- Directed by: Georgiy Daneliya
- Written by: Georgiy Daneliya Alexander Volodin Kir Bulychev
- Produced by: Nikolay Garo
- Starring: Yevgeny Leonov Iya Savvina Nina Grebeshkova Aleksandra Yakovleva Boryslav Brondukov Boris Andreyev
- Cinematography: Yuri Klimenko
- Edited by: Tatyana Egorycheva
- Music by: Gia Kancheli
- Production company: Mosfilm
- Release date: 1982;
- Running time: 86 min
- Country: Soviet Union
- Language: Russian

= Tears Were Falling =

Tears Were Falling (Слёзы капали) is a 1982 Soviet fantasy drama film directed by Georgiy Daneliya. The plot can be viewed as a modern interpretation of the fairy tale by Hans Christian Andersen The Snow Queen. It was the last film role of actor Boris Andreyev.

== Plot ==
The plot of the story is the same as in the fairy tale by Hans Christian Andersen. An evil troll creates a magic mirror that reflects and exaggerates everything bad and evil. The mirror shatters, and one of its millions of fragments falls into the eyes of Pavel Ivanovich Vasin, a resident of the small town of Zarechensk.

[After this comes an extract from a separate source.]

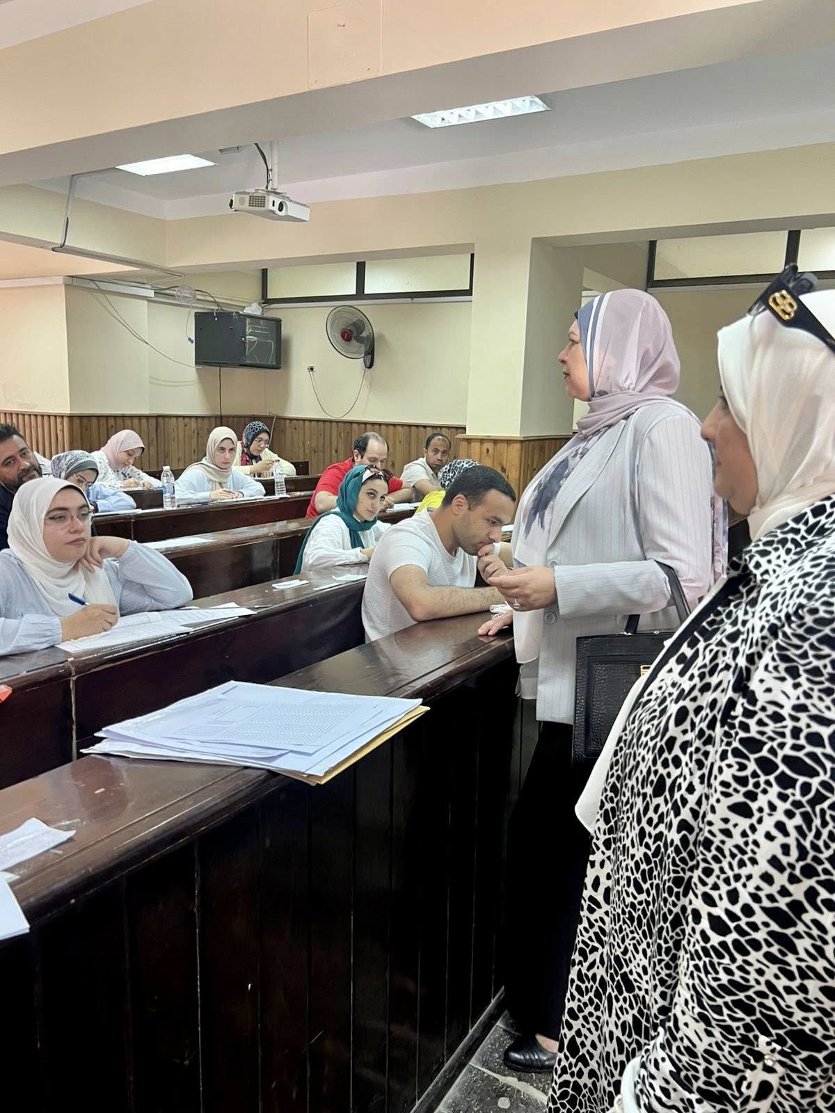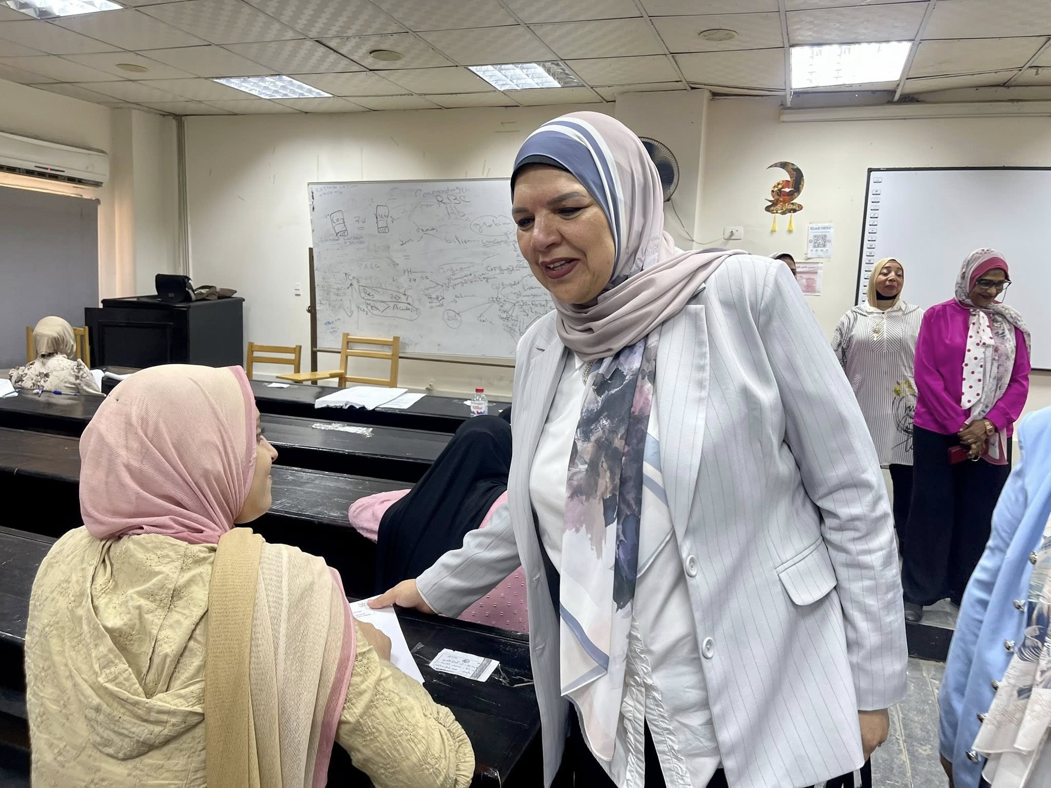 Prof. Dr. Rawya Rizk, Vice President of Port Said University, confirmed the regularity of postgraduate examinations at the Faculties of Medicine and Nursing. This came during a tour she conducted, accompanied by Prof. Dr. Ihab El-Hanafy, Dean of the Faculty of Medicine, Prof. Dr. Sanaa Ghandour, Dean of the Faculty of Nursing, deans of both faculties, and a number of faculty members.

Ordinarily a balanced person, respectable family man, and helpful neighbor and colleague, Vasin changes beyond recognition. He sees only the worst in his friends and relatives and no redeeming traits. Vasin kicks his son out of the household, quarrels with his wife, hurls verbal abuse at his colleagues at work, and even goes so far as to attempt suicide.

== Cast==
- Yevgeny Leonov as Pavel Ivanovich Vasin
- Iya Savvina as Irina, Vasin's wife
- Nina Grebeshkova as Zinaida Galkina
- Aleksandra Yakovleva as Lyusya
- Boryslav Brondukov as Fyodor, alcoholic
- Boris Andreyev as Nikolai Vanichkin
- Pyotr Shcherbakov as Sklyansky
- Nina Ruslanova as Dina
- Andrei Tolubeyev as Tolik
- Georgiy Daneliya as a passenger on the tram (uncredited)

==Production and release==
The working title of the film was Gladiator.

The film was shot in Kaluga, Rostov, Ashgabat, and Odessa.

The film was banned from screening abroad, six months lay on the shelf, and then was released in a limited release.